[Data]
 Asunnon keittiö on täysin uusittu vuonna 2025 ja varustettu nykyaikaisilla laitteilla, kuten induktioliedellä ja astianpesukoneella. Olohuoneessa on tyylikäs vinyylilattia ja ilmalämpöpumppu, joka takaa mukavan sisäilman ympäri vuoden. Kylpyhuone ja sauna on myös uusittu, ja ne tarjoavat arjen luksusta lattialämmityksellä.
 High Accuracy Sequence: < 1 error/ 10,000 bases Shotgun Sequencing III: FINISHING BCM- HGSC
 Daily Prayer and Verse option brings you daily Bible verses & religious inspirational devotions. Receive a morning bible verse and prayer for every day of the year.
[/Data]
[Data]
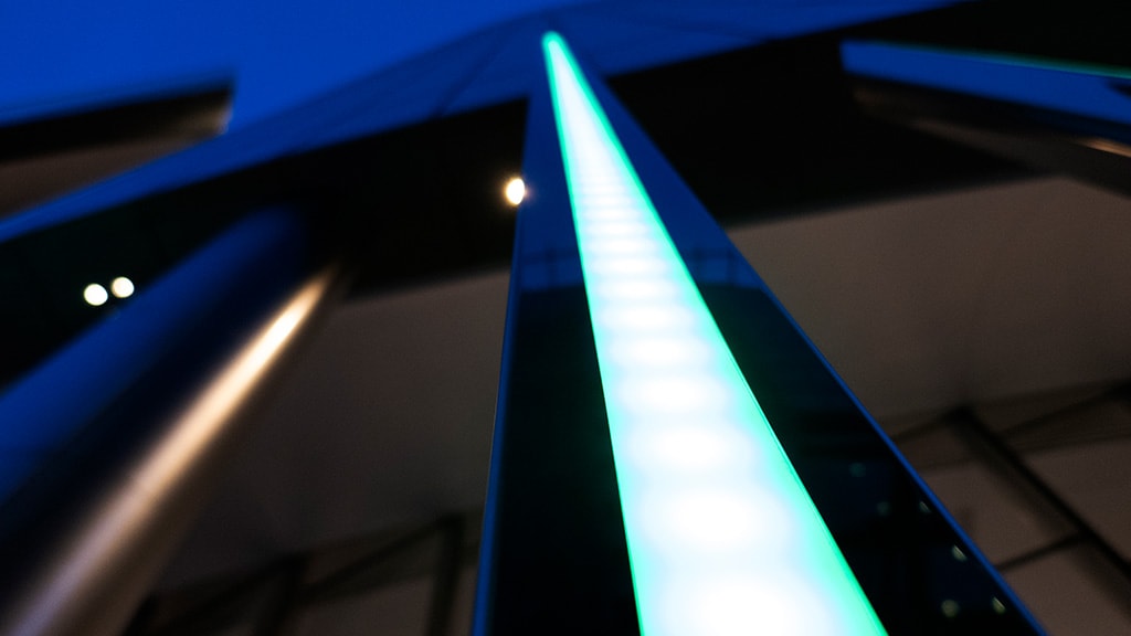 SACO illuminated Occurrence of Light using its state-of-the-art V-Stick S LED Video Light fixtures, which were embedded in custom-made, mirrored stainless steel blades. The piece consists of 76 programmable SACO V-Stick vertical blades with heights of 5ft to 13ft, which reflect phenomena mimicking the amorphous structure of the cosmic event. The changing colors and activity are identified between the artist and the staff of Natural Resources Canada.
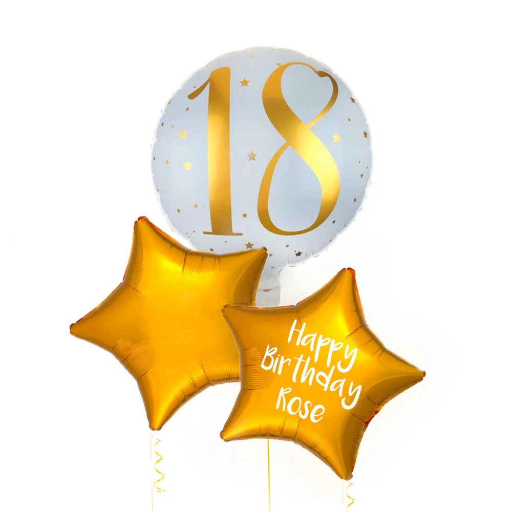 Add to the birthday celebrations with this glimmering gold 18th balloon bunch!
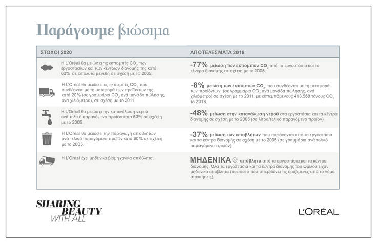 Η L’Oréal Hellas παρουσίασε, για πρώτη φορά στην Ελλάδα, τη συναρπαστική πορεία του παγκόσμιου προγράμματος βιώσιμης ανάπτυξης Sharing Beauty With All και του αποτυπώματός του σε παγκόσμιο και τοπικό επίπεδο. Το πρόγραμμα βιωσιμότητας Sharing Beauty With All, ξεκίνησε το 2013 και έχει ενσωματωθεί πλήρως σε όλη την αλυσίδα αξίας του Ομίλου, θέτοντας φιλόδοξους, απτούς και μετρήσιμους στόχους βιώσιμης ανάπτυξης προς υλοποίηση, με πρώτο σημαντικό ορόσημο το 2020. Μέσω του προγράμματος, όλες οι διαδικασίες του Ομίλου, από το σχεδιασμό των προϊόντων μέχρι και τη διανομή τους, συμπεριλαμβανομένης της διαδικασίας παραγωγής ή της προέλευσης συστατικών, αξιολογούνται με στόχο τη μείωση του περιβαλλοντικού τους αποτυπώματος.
[/Data]
Among the entries above, the line containing "Asunnon keittiö on", the line containing "High Accuracy Sequence: <", and all lines between them are to be restated word for word; nothing else belongs in the reply.

**Exercise output:**
 Asunnon keittiö on täysin uusittu vuonna 2025 ja varustettu nykyaikaisilla laitteilla, kuten induktioliedellä ja astianpesukoneella. Olohuoneessa on tyylikäs vinyylilattia ja ilmalämpöpumppu, joka takaa mukavan sisäilman ympäri vuoden. Kylpyhuone ja sauna on myös uusittu, ja ne tarjoavat arjen luksusta lattialämmityksellä.
 High Accuracy Sequence: < 1 error/ 10,000 bases Shotgun Sequencing III: FINISHING BCM- HGSC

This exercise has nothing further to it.